The intention of this new version of the bomb is to improve the U.S. Air Force’s nuclear capabilities, Ahronheim wrote, and allied nations and can be launched by platforms such as the B-2A, F-15E, F-16C/D, F-16 MLU, PA-200, F-35 and B-21.

The 12-foot-long bomb, which weighs approximately 824 pounds, can fit inside the internal weapons bay of the platforms. This means that the F-35 would not sacrifice its stealth capabilities by carrying it, per the report.

The report also details that this version of the bomb, which carries a low-yield nuclear warhead, has four different yield options: 0.3 kilotons, 1.5 kilotons, 10 kilotons, and 50 kilotons.

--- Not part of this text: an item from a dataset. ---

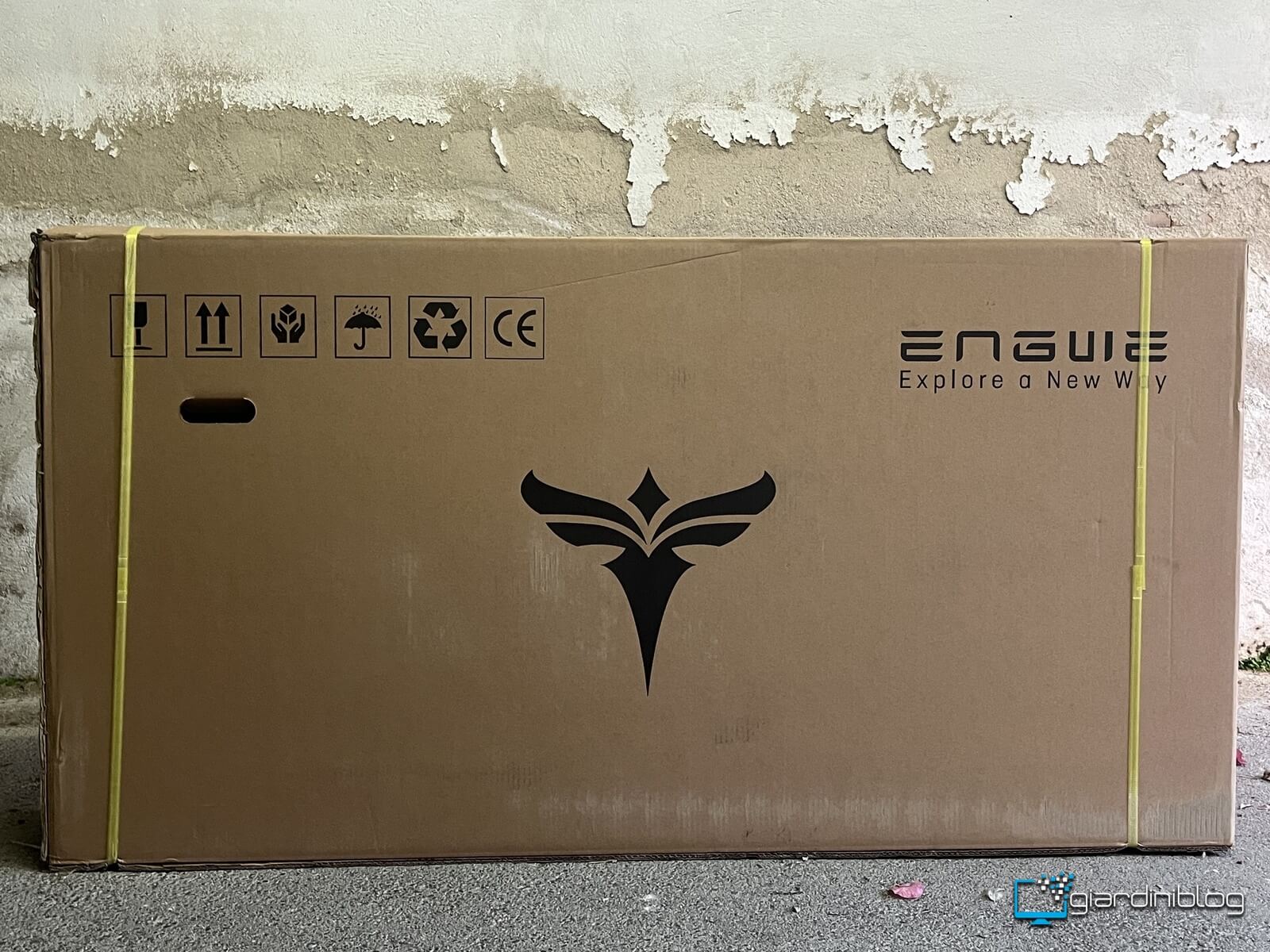 Il pacco arriva ben imbottito e protetto, con dimensioni ragionevoli ma comunque importanti. Il produttore ENGWE ha dimostrato, ancora una volta, grande attenzione nel packaging: durante le nostre verifiche non abbiamo riscontrato alcun danno né tanto meno piccoli graffi sulla struttura. L’imballaggio è robusto, con schiume protettive posizionate in modo adeguato.

The August test was part of a series of demonstrations testing the B61-12 full-weapons system on other aircraft such as the F-15E Strike Eagle fighter jet in March and the B-2 Spirit stealth bomber in July, Ahronheim noted. The test with the F-35 was the first demonstration of the bomb from an internal bomb bay on a fighter jet and the first time the bomb was released at speeds of Mach 1 or greater.

“This was the first test to exercise all systems, including mechanical, electrical, communication and release between the B61-12 and the F-35A,” said Steven Samuels, a manager with Sandia’s B61-12 Systems Team in a statement. “We’re showing the B61-12’s larger compatibility and broader versatility for the country’s nuclear deterrence.”

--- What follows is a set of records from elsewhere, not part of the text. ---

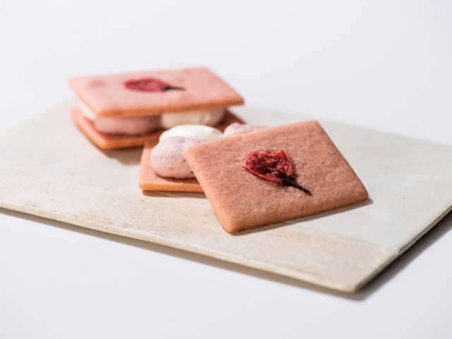 バタークリームと桜クリームを、桜の花の塩漬けをトッピングしたタルト生地でサンドしました。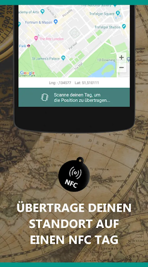 1. Use the app to find your current location and transfer it to an NFC tag.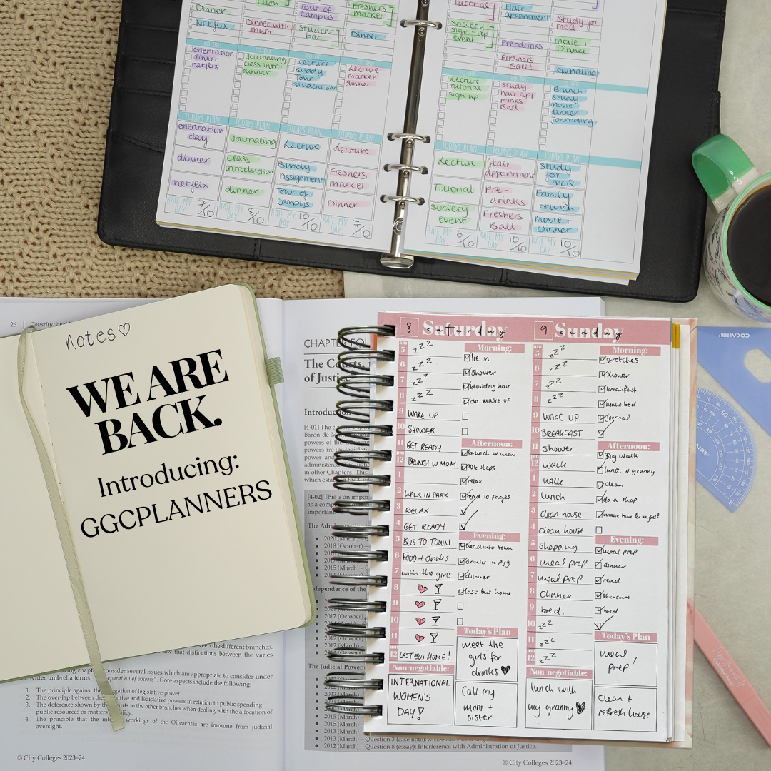 GGC planners are uniquely designed to be undated, allowing you to start and stop whenever you want without wasting any pages. They combine style with functionality, offering a balance between aesthetic appeal and practical features like grade trackers and customizable layouts, ensuring that your planning experience is both enjoyable and effective.
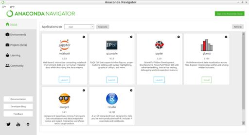 On the first page of the application, you'll see launchers for the major Python software that is available through Anaconda. This includes packages like spyder, orange3 and the jupyter notebook. If they haven't been installed yet, you'll see a button labelled “Install” rather than “Launch”.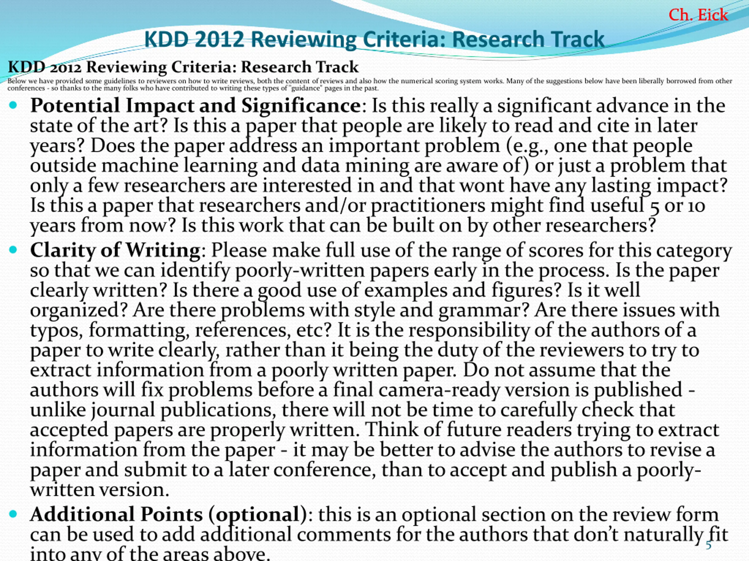 Ch. Eick Ch. Eick KDD 2012 Reviewing Criteria: Research Track KDD 2012 Reviewing Criteria: Research Track Below we have provided some guidelines to reviewers on how to write reviews, both the content of reviews and also how the numerical scoring system works. Many of the suggestions below have been liberally borrowed from other conferences - so thanks to the many folks who have contributed to writing these types of "guidance" pages in the past. Potential Impact and Significance: Is this really a significant advance in the state of the art? Is this a paper that people are likely to read and cite in later years? Does the paper address an important problem (e.g., one that people outside machine learning and data mining are aware of) or just a problem that only a few researchers are interested in and that wont have any lasting impact? Is this a paper that researchers and/or practitioners might find useful 5 or 10 years from now? Is this work that can be built on by other researchers? Clarity of Writing: Please make full use of the range of scores for this category so that we can identify poorly-written papers early in the process. Is the paper clearly written? Is there a good use of examples and figures? Is it well organized? Are there problems with style and grammar? Are there issues with typos, formatting, references, etc? It is the responsibility of the authors of a paper to write clearly, rather than it being the duty of the reviewers to try to extract information from a poorly written paper. Do not assume that the authors will fix problems before a final camera-ready version is published - unlike journal publications, there will not be time to carefully check that accepted papers are properly written. Think of future readers trying to extract information from the paper - it may be better to advise the authors to revise a paper and submit to a later conference, than to accept and publish a poorly- written version. Additional Points (optional): this is an optional section on the review form can be used to add additional comments for the authors that don t naturally fit into any of the areas above. 5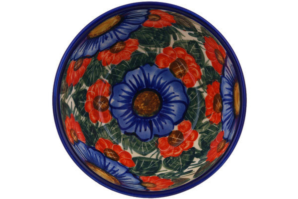 This Flowers In Bloom 6" Bowl was handmade and hand decorated in Boleslawiec, Poland by skilled artisans according to old traditional methods. This is a Polish pottery Signature Unikat, which means that it has been hand painted with both sponges and brushes and it is signed by the artist who painted it. Unikat pieces are the most intricate works of art. Larger Unikat items take hours of very careful work to finish. This Polish stoneware is microwave, dishwasher, freezer, and oven safe up to 480°F. It does not contain lead or cadmium. It is part of the Flowers In Bloom Collection.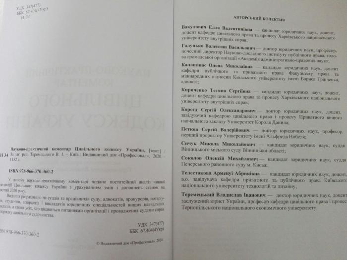 Доценти кафедри цивільного права та процесу факультету № 6 Тетяна Кириченко та Елла Вакулович взяли участь у роботі колективу авторів по створенню науково-практичного коментаря Цивільного кодексу України. У підготовці видання взяли участь вчені-цивілісти, судді, нотаріуси.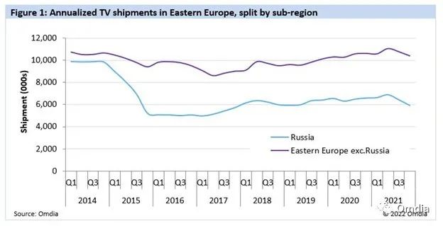 Omdia:东欧电视市场的未来如何? 随着乌克兰危机的快速恶化,我们有必要回顾一下 2014 年克里米亚事件的影响。 俄罗斯的行动可能导致一系列制裁,这将可能带来三种后果: 卢布贬值,这将会使得电视对于俄罗斯消费者来说更加昂贵。 制裁,这将导致全球的公司难以进入俄罗斯市场。 技术禁运,禁止例如半导体等关键部件的销售。 从 2014 年的制裁后果,我们可以对未来做出一定推断。俄罗斯在电视方面,完全依赖进口零组件。该国并无本地消费半导体或 LCD 面板制造能力。 制裁很可能将导致俄罗斯电视市场再次萎缩 图中所示为 2014 年制裁的后果:俄罗斯市场在 2015 年缩水大约两百万台(约 50%)。 之后,市场虽然缓慢恢复,但从未恢复到 2014 年的水平。市场的恢复,一部分是通过新供应链模式实现的。俄罗斯消费者通过全球速卖通(AliExpress)直接从中国购买产品,AliExpress 整合货物,然后销往俄罗斯。降低零售利润,也能够抵消货币贬值带来的一部分影响。 展望未来,有多项因素与几年前雷同: 卢布对美元已经跌了 10%,而美元是半导体和 LCD 面板等电子零组件的定价货币,这会导致俄罗斯市场的电视机零售价格上涨。 金融制裁很可能导致全球各大电视品牌难以在俄罗斯市场开展业务。对于寻找机会的中国厂商来说,可能存在较好的进入机会。 还有一个新的影响因素是,由于美国政府对于华为的禁运影响,向俄罗斯市场销售半导体产品将变得困难。 例如直接通过 AliExpress 的销售手段已经成为常态。因此,这次制裁对于需求的损害,可能会更为严重。但中国政府实施制裁的力度尚有不确定,因此俄罗斯电视市场供应链或许会有利于中国品牌。 来自: Omdia 更多阅读:Omdia:消费者仍对 8K 持怀疑态度Omdia:线性电视收视率继续下降Omdia:2020年全球传统付费电视订阅用户数量减少了800万以上Omdia :2022年Q1中国电视机厂商面板采购计划共计2090万片 同比下降3%Omdia:2022年4月越来越多的品牌商考虑为其 VR 设备配备 OLEDoS 显示面板Omdia:2022年4月越来越多的品牌商考虑为其 VR 设备配备 OLEDoS 显示面板显示面板行业2021年总结及2022年展望(上):大尺寸显示面板Omdia:2022 年 7 月大尺寸显示面板出货量月同比下降 10%Omdia:2022年4月TFT LCD 面板出货量环仅有 1 亿 9500 万片 同比下降 15%Omdia:2022年第二季度全球电视出货为4353万台 同比下降9.0%Omdia:关税变化或将推动韩系电视品牌在美国市场份额的上升Omdia:线性电视仍是2019年的主要观看形式Omdia:2019年线性电视占美国电视收视的63% 长视频的收视率占16%Omdia:2023年免费广告支持流媒体电视(FAST)频道产生63亿美元收入Omdia:“未来两年4K是市场营销者的梦想”

The latest test “is a critical piece” of both the F-35A and B61-12 programs, according to Samuels.

“Aboard the newest fighter, the B61-12 provides a strong piece of the overall nuclear deterrence strategy for our country and our allies,” he said.

The F-35 will be able to carry the bomb internally and at supersonic speeds while in full stealth mode, Ahronheim added. This is unlike the F-15, which would carry the B61-12 externally and without stealth capability, and the B-2, which flies below the speed of sound.